Russian admiral (1859–1938)

Pavel Pavlovich Levitsky (Па́вел Па́влович Леви́цкий; October 3, 1859 – July 31, 1938) was a Russian Vice Admiral of the Russo-Japanese War and the Russian Civil War. He was known for commanding the Zhemchug during the Battle of Tsushima.

==Biography==
Levitsky was born on 30 October 1859 in Reval, the son of the commander of the steam frigate Smelyy Pavel Pavlovich Levitsky and Nadezhda Efimovna (née Kholostova), daughter of a merchant of the first guild from Reval. In 1880, he graduated from the Naval Cadet Corps, was appointed michman in 1881, and graduated from his naval mine classes in 1884. under the guidance of Alexander Stepanovich Popov. Levitsky received his first command on 23 April 1885, as he headed the Plotva and from 1896 to 1898 was the senior mine officer of the Vladimir Monomakh. He then became the senior officer of the Sissoi Veliky on 15 June 1898, before being promoted to Captain 2nd rank on 6 December 1899. On 4 February 1904 he received command of the Zhemchug as part of the Second Pacific Squadron. On 27 May he participated in the Battle of Tsushima and after the battle, as part of the detachment of Rear-Admiral Oskar Enkvist, took the cruiser to Manila. For distinction in service, he was awarded the Order of St. Anna, 2nd Class with swords.

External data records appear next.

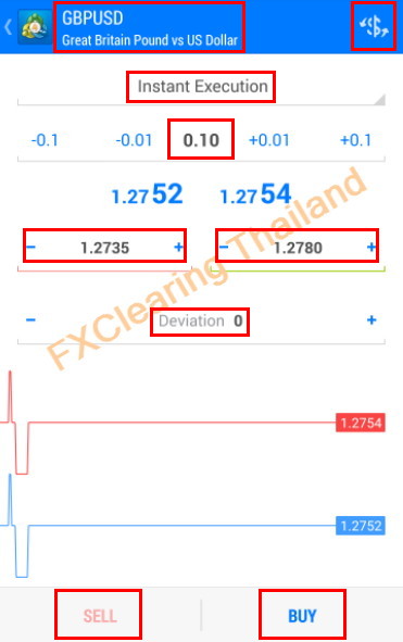 - เมื่อกำหนดค่าเรียบร้อยแล้ว ก็กดเปิดออเดอร์ที่ปุ่ม SELL หรือ BUY ด้านล่างได้ตามต้องการ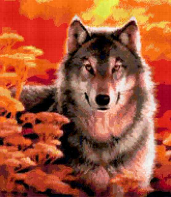 Ориентировочно так, схема вышивки «Hunt», созданная автором aniela, будет выглядеть при отшиве на канве. Размер данной вышивки равен 165x190 крестов, при этом используется 71 цветов. Ключевые слова, по которым можно найти эту схему: Wildlife, animals, Животные, Волк. Также, вы можете взглянуть на оригинальную картинку, соответствующую данной схеме вышивки.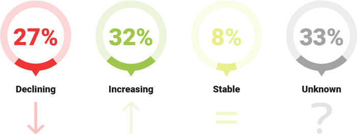 More than a quarter (27%) of European mammal species have population declines. Because trend information is not available for a third of Europe’s mammals, many other species may be at risk. Only 8% of species are increasing, some of which have benefited from conservation actions.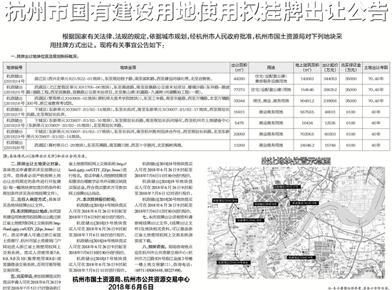 五、竞买申请:参加挂牌竞买的竞买申请人可在2018年6月26日9时至2018年7月5日17时登录浙江省土地使用权网上交易系统(http://land.zjgtjy.cn/GTJY_ZJ/go_home)进行报名。竞买申请人须按照挂牌须知要求办理数字证书并足额交纳竞买保证金,符合竞买要求方可参加网上挂牌出让活动。
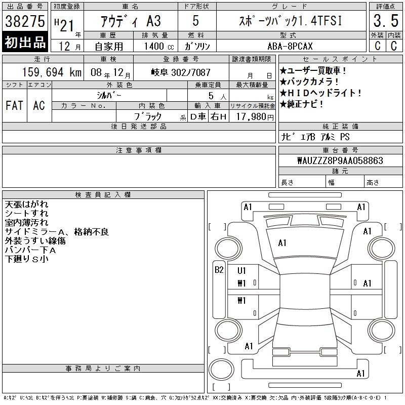 AUDI A3 SPORTBACK 1.4TFSI - лот 38275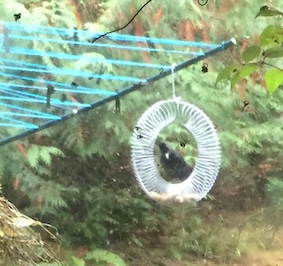 Great news! The breakfast show is back on. At least one Stellar’s jay (perhaps the home invader) has clocked the peanut feeder. I wake up in the morning to insistent “Ack, ack, acks” – a demand for fresh peanuts. It’s not the first thing I do, because the feeder is visible from the diningroom window and, in return for providing peanuts, I want a show.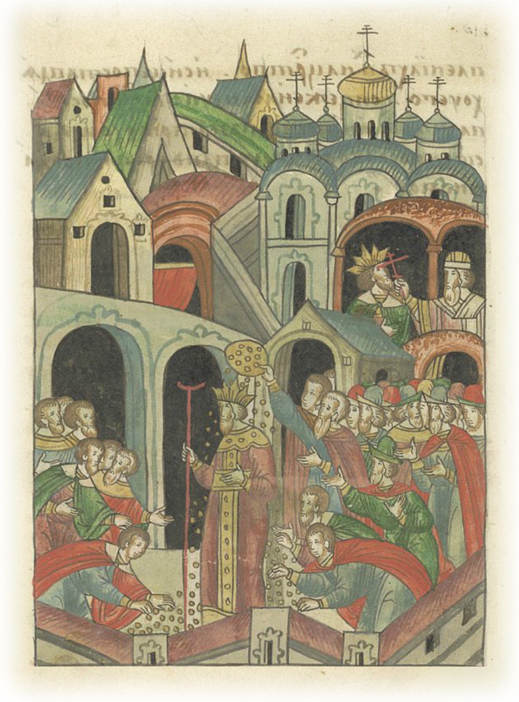 И после сего благословился царь у патриарха с великою тихостью и смирением, и со страхом Божьим; и вышел из церкви очень благочинно, словно некий великий священноначальник; и осыпали его ставратами*. Народ же похватал их каждый своими руками. Таковыми по древнему преданию царям были поставления их на царство, и так и поставляли его; так же и Мануил царь поставлен был Антонием патриархом и Священным Собором по уставу древлепреданному. * род монеты.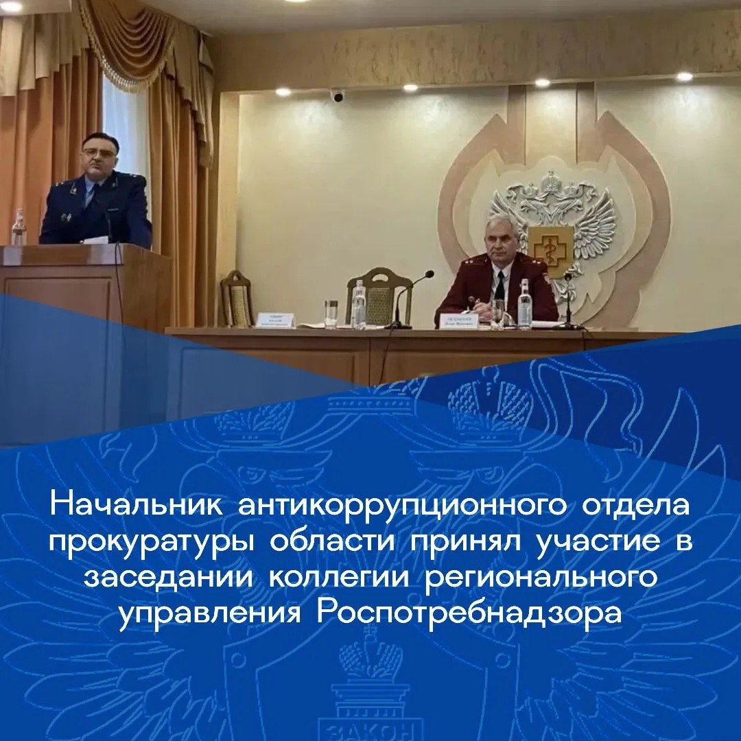 Начальник отдела по надзору за исполнением законодательства о противодействии коррупции прокуратуры области Алексей Кныш принял участие в заседании коллегии регионального управления Роспотребнадзора по Воронежской области.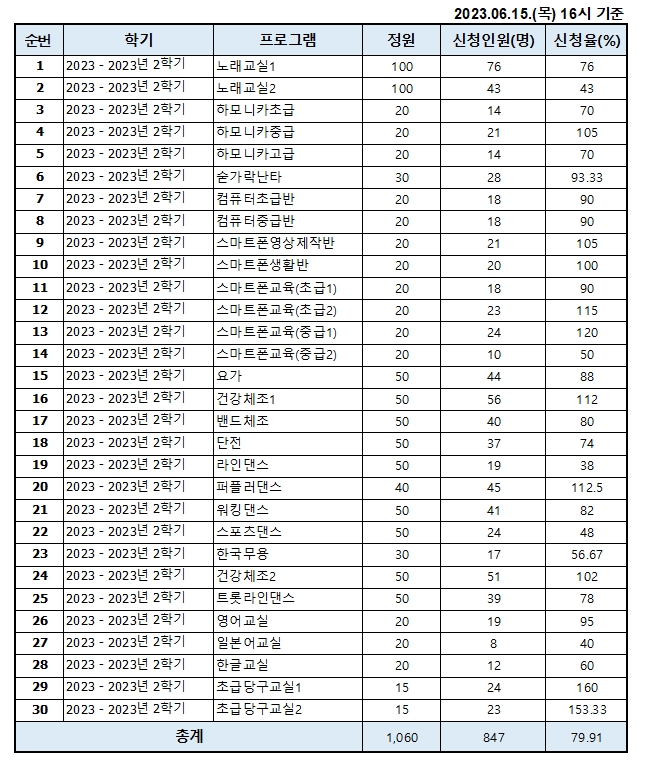 2023³â 2ÇÐ±â Æò»ý±³À°ÇÁ·Î±×·¥ Á¢¼ö ÇöȲ(06.16 ±âÁØ)

On 6 December 1906 Levitsky was promoted to Captain 1st rank before becoming the Head of the Diving Training Unit on the Baltic Sea on 17 June 1907. In 1911, he became an officer of the Diving Officer Class and was promoted to Counter Admiral on 25 March 1912 for "distinction in service". During World War I, Levitsky commanded a submarine brigade on the Baltic Sea. Around this time period, Levitsky's command and order was described as:

Modest, simple, friendly to everyone and everyone, Pavel Pavlovich always carefully listened to the opinions and wishes of submarine commanders, allowed him to argue with himself and never abused the power granted to him. For these qualities, he enjoyed universal respect and earned the nickname "Papa" in the brigade, which he was always proud of.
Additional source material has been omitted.